■ **What this task involves**:
Write back every line of the listing exactly, excluding images.

■ **Dataset section**:
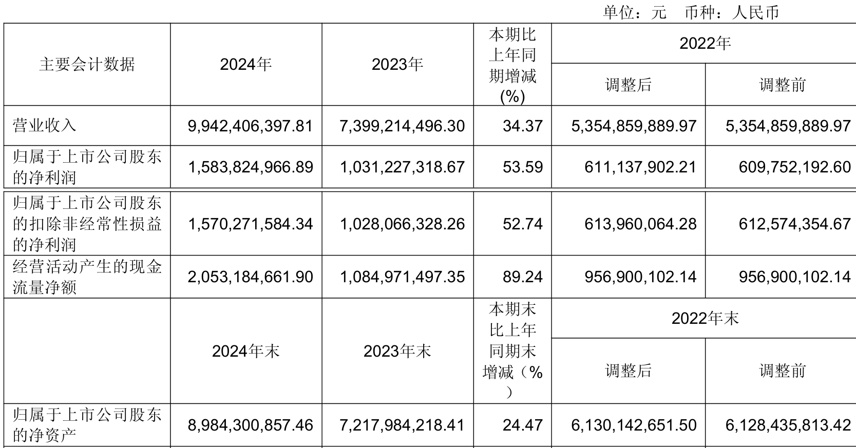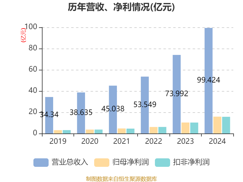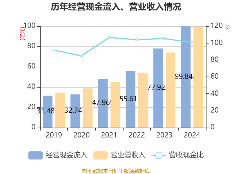 中证智能财讯金诚信(603979)4月25日披露2024年年度报告。2024年,公司实现营业总收入99.42亿元,同比增长34.37%;归母净利润15.84亿元,同比增长53.59%;扣非净利润15.7亿元,同比增长52.74%;经营活动产生的现金流量净额为20.53亿元,同比增长89.24%;报告期内,金诚信基本每股收益为2.57元,加权平均净资产收益率为19.44%。公司2024年度分配预案为:拟向全体股东每10股派现4.5元(含税)。
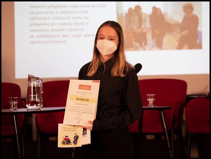 Dne 10. listopadu 2021 proběhlo slavnostní předání šeku v Knihovně Václava Havla. Tohoto předání se však nemohli zúčastnit ani zástupci organizace, ani většina studentek, cenu tak převzala jen Adéla T.
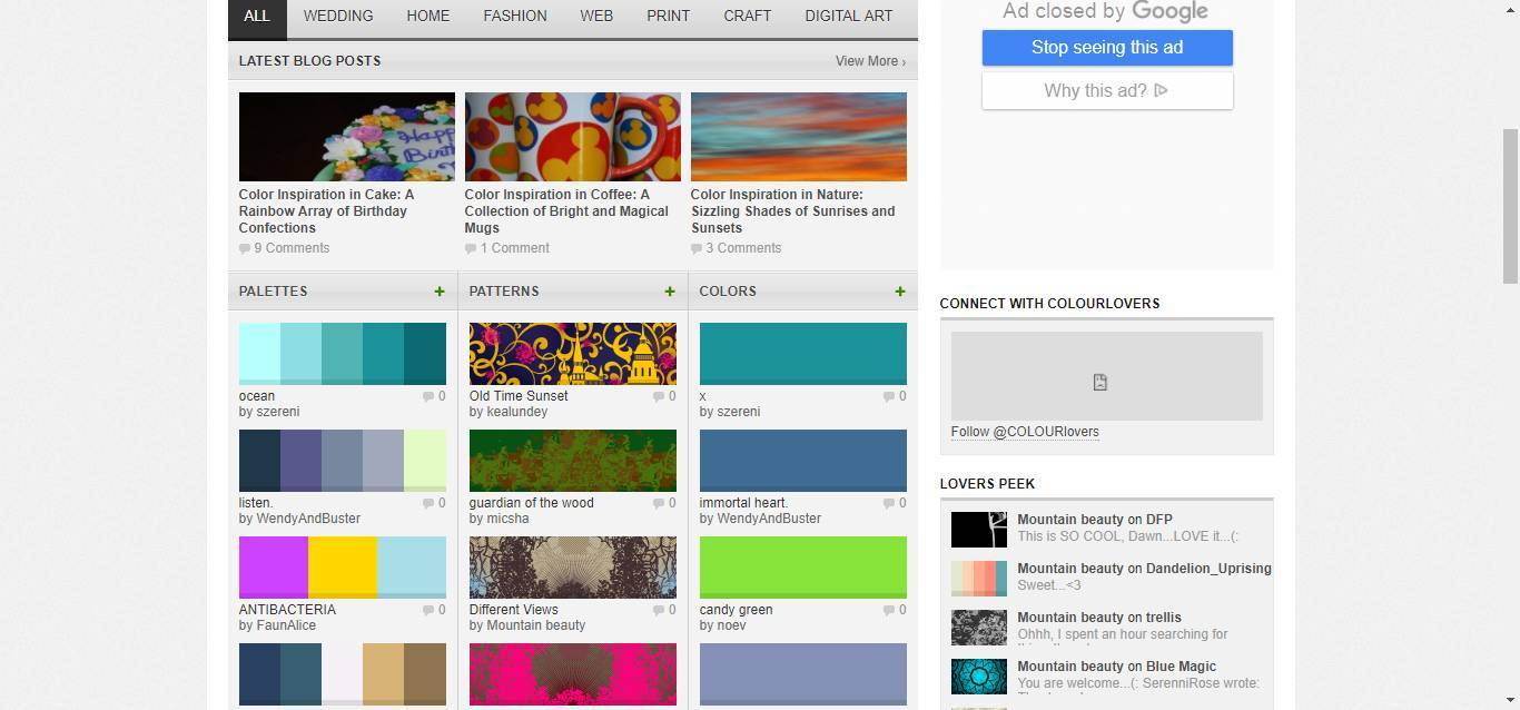 Colour Lovers是一个可以创建、分享、讨论配色方案的讨论网站,有提供色彩搜索的功能,输入你想要的色彩形容词,就会显示出有关这个形容词的色盘供你选择。在Browse中还有颜色、印象选项可以让你勾选,查询之后会传回色块排列,帮你将色系有序的做整理。

■ **Answer to this task**:
 中证智能财讯金诚信(603979)4月25日披露2024年年度报告。2024年,公司实现营业总收入99.42亿元,同比增长34.37%;归母净利润15.84亿元,同比增长53.59%;扣非净利润15.7亿元,同比增长52.74%;经营活动产生的现金流量净额为20.53亿元,同比增长89.24%;报告期内,金诚信基本每股收益为2.57元,加权平均净资产收益率为19.44%。公司2024年度分配预案为:拟向全体股东每10股派现4.5元(含税)。
 Dne 10. listopadu 2021 proběhlo slavnostní předání šeku v Knihovně Václava Havla. Tohoto předání se však nemohli zúčastnit ani zástupci organizace, ani většina studentek, cenu tak převzala jen Adéla T.
 Colour Lovers是一个可以创建、分享、讨论配色方案的讨论网站,有提供色彩搜索的功能,输入你想要的色彩形容词,就会显示出有关这个形容词的色盘供你选择。在Browse中还有颜色、印象选项可以让你勾选,查询之后会传回色块排列,帮你将色系有序的做整理。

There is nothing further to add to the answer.